In the all-pairs suffix-prefix (APSP) problem [Gusfield et al., Inf. Process. Lett. 1992], we are given a dictionary R of r strings, S1, . . ., Sr, of total length n, and we are asked to find the length SPLi,j of the longest string that is both a suffix of Si and a prefix of Sj, for all i, j ∈ [1 . . r]. APSP is a classic problem in string algorithms with applications in bioinformatics, especially in sequence assembly. Since r = |R| is typically very large in real-world applications, considering all r2 pairs of strings explicitly is prohibitive. This is when the data structure variant of APSP makes sense; in the same spirit as distance oracles computing shortest paths between any two vertices given online. We show how to quickly locate k-approximate matches (under the Hamming or the edit distance) in R using a version of the k-errata tree [Cole et al., STOC 2004] that we introduce.
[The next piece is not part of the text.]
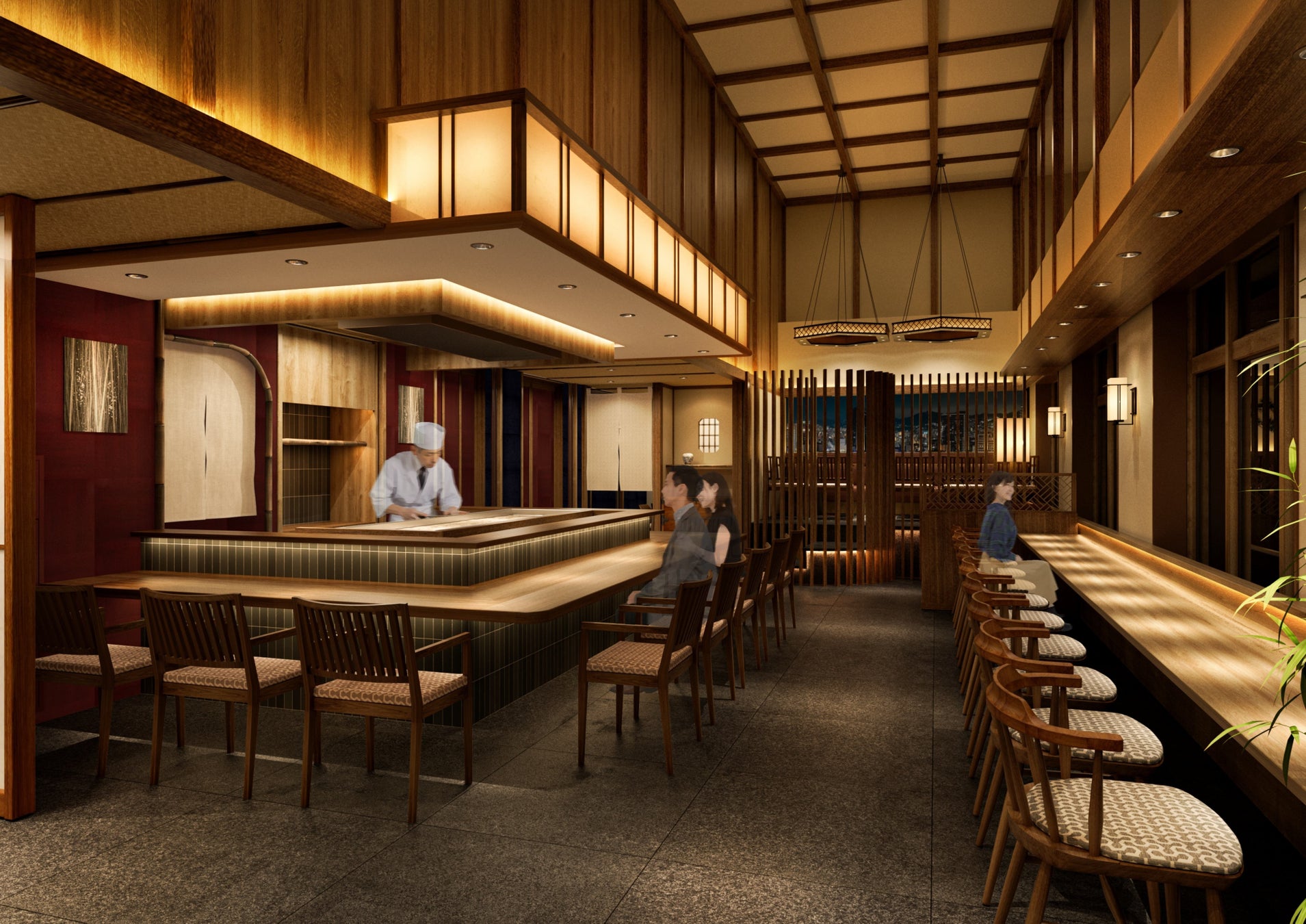 店内は、焼き台カウンター9席、半個室4ブース、1名様~4名様に対応する窓側席など全93席あり、8名様~最大40名様までの会食にも対応できる空間と宴会プランで様々なお客様のご要望にお応えする。

Let SPLki,j be the length of the longest suffix of Si that is at distance at most k from a prefix of Sj. In particular, for any k = O(1), we show an O(nlogk n)-sized data structure to support the following queries: One-to-Onek(i, j): output SPLki,j in O(logk nlog log n) time. Reportk(i, d): output all j ∈ [1 . . r], such that SPLki,j ≥ d, in O(logk n(log n/log log n + output)) time, where output denotes the size of the output. In fact, our algorithms work for any value of k not just for k = O(1), but the formulas bounding the complexities get much more complicated for larger values of k.

Leibniz International Proceedings in Informatics (LIPIcs)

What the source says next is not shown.